The focus on Hg(II) is because it is very dangerous for public health and the environment [29]. Particularly, Hg(II) can cause significant risk to the neurological development of fetuses, newborns, and children [30,31]. The discharge of Hg(II) into water occurs from industrial processes such as oil refineries [32], automobile manufacturing [33], and fossil fuel combustion [34]. With this in mind, it is important to develop new adsorbents and methods for the removal of Hg(II) from aqueous solutions.

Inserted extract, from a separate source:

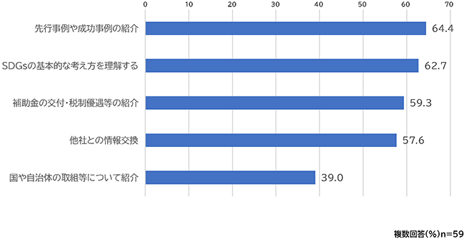 どのような内容の研修があれば参加したいと思うかという問いに関しては、「先行事例や成功事例の紹介(64.4%)」が最も高く、「SDGsの基本的な考え方を理解する(62.7%)」、「補助金の交付・税制優遇等の紹介(59.3%)」、「他社との情報交換(57.6%)」が続いている。
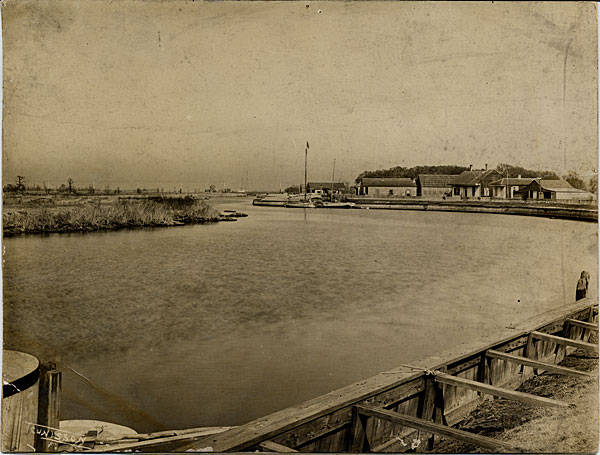 Boats docked on Bayou St. John at Spanish Fort Amusement Park; photo taken between 1890-1915. |

In this communication, we report for the first time the removal of Hg(II) from water by using eco-friendly-prepared oxidized graphenes (i.e., GO and rGO) which exhibit interesting adsorption properties compared to conventional ones (such as activated carbon [35]). This work includes the preparation protocol of adsorbents and their characterization. Most importantly, the adsorption kinetics are scrutinized in terms of initial concentration, removal percentage, pseudo-first and pseudo-second-order models, intraparticle diffusion study, and pH analysis. Furthermore, the types of interactions between Hg(II) and GO and between Hg(II) and rGO are discussed.

2. Materials and Methods

2.1. Materials

All chemicals were used as received, without further purification. Graphite powder (<150 μm, 99.99%, Sigma-Aldrich, Burlington, MA, USA), Sulfuric acid (H₂SO₄, 95.0%–98.0%, Sigma-Aldrich, Burlington, MA, USA), Potassium permanganate (KMnO₄, ≥99.0%, Sigma-Aldrich, Burlington, MA, USA), Hydrochloric acid (HCl, 37%, Sigma-Aldrich, Burlington, MA, USA), Citric acid (C₆H₈O₇, ≥99.5%, Sigma-Aldrich, Burlington, MA, USA), Hydrogen peroxide (H₂O₂, 30%, Merk, Darmstadt, Germany), Sodium hydroxide (NaOH, 1310-73-2, 40.00 g/mol, Merk, Darmstadt, Germany), Mercury(II) oxide (HgO, 21908-53-2, 219.59 g/mol, Merk, Darmstadt, Germany).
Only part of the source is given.